Hypothermia is a 2012 American independent horror film written and directed by James Felix McKenney. It stars Michael Rooker, Blanche Baker, Greg Finley, Don Wood and Amy Chang. The film centers on a family out ice fishing only to discover that something deadly is stalking them from the icy waters.

Plot
On an icy lake, Ray Pelletier scouts out a good ice fishing spot for his family. He spots something bloody on the ice near a hole, walks toward it and falls through when the ice breaks. Back at the cabin, his wife Helen, son David and his son's girlfriend Gina are waiting for him. Ray has been struggling for hours to get out of the hole. Helen asks David and Gina what their plans are after college, and they mention that they will be joining the Peace Corps and going to Uganda following graduation.

Meanwhile, something in the water watches Ray as he struggles. He finally gets out of the water as his family goes out searching for him. The creature follows David as he walks on the ice. David finds Ray passed out from exhaustion. They return to the cabin, where Gina examines him. Ray assures everyone he is fine. The creature watches the family from a window.
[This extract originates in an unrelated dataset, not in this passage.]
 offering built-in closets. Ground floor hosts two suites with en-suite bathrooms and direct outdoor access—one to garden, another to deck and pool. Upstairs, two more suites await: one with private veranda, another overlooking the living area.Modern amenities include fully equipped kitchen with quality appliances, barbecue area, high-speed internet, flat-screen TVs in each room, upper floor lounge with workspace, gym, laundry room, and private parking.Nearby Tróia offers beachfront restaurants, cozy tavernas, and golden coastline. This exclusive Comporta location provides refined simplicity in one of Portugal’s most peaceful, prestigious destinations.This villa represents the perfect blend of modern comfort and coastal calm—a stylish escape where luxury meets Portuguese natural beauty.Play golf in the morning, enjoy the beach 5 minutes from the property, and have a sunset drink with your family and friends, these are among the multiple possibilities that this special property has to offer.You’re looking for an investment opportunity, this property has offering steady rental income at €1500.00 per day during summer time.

The next day, the family drills through the ice as the creature watches from underneath. They wonder why it is taking so long for the first bite of the day. They see a truck arrive on the ice, towing a trailer. Steve Cote and his son Steven Jr. set up for ice fishing. Ray eventually gets annoyed at their loud music and asks the Cotes to turn it down, which they do. The Cotes then drive away in the truck, leaving their trailer.
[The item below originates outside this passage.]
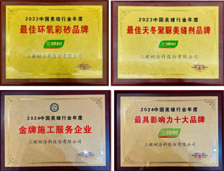 真正的行业引领者,从来都以实力赢得认可。三棵树在美缝领域的深耕,收获了市场与行业的双重肯定:连续五年蝉联“十大最具影响力品牌”,2023年更一举拿下“最佳环氧彩砂品牌”“最佳天冬聚脲美缝剂品牌”两项重磅荣誉,2024年还获得“金牌施工服务企业”,印证其产品力的全面领先;近日,国内领先咨询机构CIC灼识开展专项研究,数据显示“三棵树美缝剂全国零售销量第一”。三棵树“全屋美缝”模式已成为行业标杆,引领美缝行业从“单一产品竞争”走向“产品+服务”的综合价值新阶段。
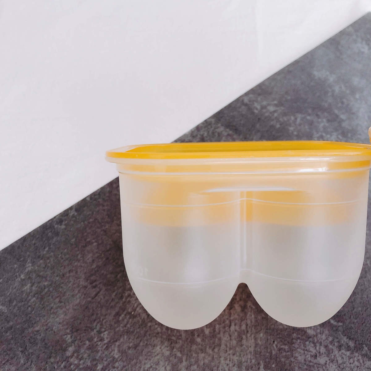 ゆで卵を先に入れた場合は、容器の内側の上部の線が調味料量の目安です。

Soon after, the Cotes return on snowmobiles, chasing the creature under the ice. The creature and the men head straight for the family. The creature snags all of their lines and their rods break. The Cotes are frustrated that they did not catch the creature. The two groups socialize and the men offer to fish with them, but the Pelletiers decline. Steve then shows the family their trailer. While walking back to their fishing hole, the family spots the creature heading straight for the men. Steven Jr. attempts to reel it in, but it pulls him down. Steve grabs his ankles, and Ray grabs Steve and they all pull Steven Jr. up. They notice that he has a huge gash on his arm. Steve takes him inside for "a hot shower and a cold beer".

The Cotes discuss the creature. They believe it can sense vibrations and is eating everything in the lake. Steve invites the Pelletier family to dinner and they reluctantly accept, since they have nothing, having planned to eat whatever they had caught. During dinner, Steven Jr. begins to feel disoriented, and his wound squirts blood onto Gina. They examine the wound, which looks infected. Gina wraps it up. Steven Jr. insists the creature is not a fish because it had legs. The family urges Steve to take him to the hospital, but Steve angrily refuses, implying his son is too tough to need a doctor.
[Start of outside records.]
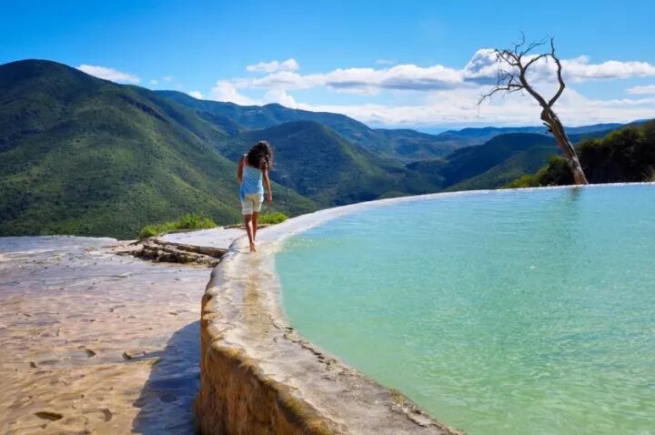 踏上滚水石白色的石灰沉淀面可以看到一个个天然形成的已经固化的小水洼,其中有一个比较的水池,成为了拥有无敌美景的悬崖泳池。
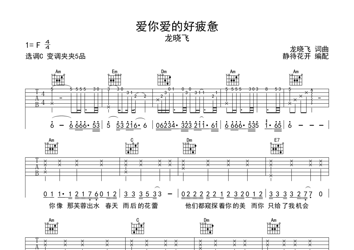 龙晓飞《爱你爱的好疲惫》吉他谱 - C调弹唱六线谱
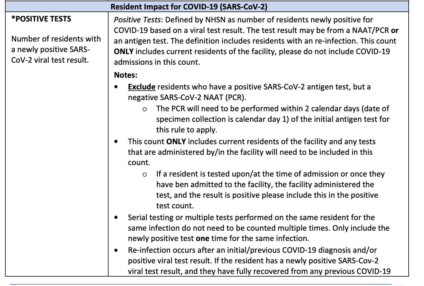 Nor did the reporting instructions (the Interim Final Rule Updating Requirements for Notification of Confirmed and Suspected COVID-19 Cases Among Residents and Staff in Nursing Homes) mention that nursing homes should not count such cases.
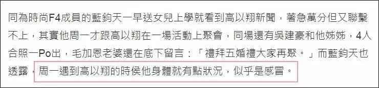 不过据高以翔的好友蓝钧天透露,周一那天高以翔的身体就有点状况,貌似是感冒了。

Later that night, Ray, Steve and David are out on the ice, running a motor to disorient the creature's senses. Steven Jr. comes out from the trailer and collapses as soon as the others see him. They hear a noise and the creature attacks, grabbing Steven Jr. and pulling him into the water. Steve jumps in after him, but sees that his son is dead. Ray jumps in and retrieves Steve.

When Steve wakes up, they decide to leave as soon as he is ready. They also tell Steve that he was cut by the creature. When Steve tries to get up, his cut oozes as if infected. Gina doesn't understand why, as she had treated it with disinfectant. Steve yells about wanting to hunt down the creature that killed his son. The family calms him down and they agree to leave in the morning.

As they rest, Ray hears Steve starting the snowmobiles to attract the creature. As Steve argues with Ray, he begins to experience the same disorientation that his son felt earlier. The creature attacks after David comes out to see what is going on, and takes Steve with it. When it returns, David and Ray get into the trailer, but David now has a cut on his face. Helen panics and sucks out the venom. They stay in the trailer to hide from the creature. They decide to wait for an opportunity to leave. As David lies on the floor, the creature's hand pushes through the lid in the floor and claws at David, cutting his throat and killing him.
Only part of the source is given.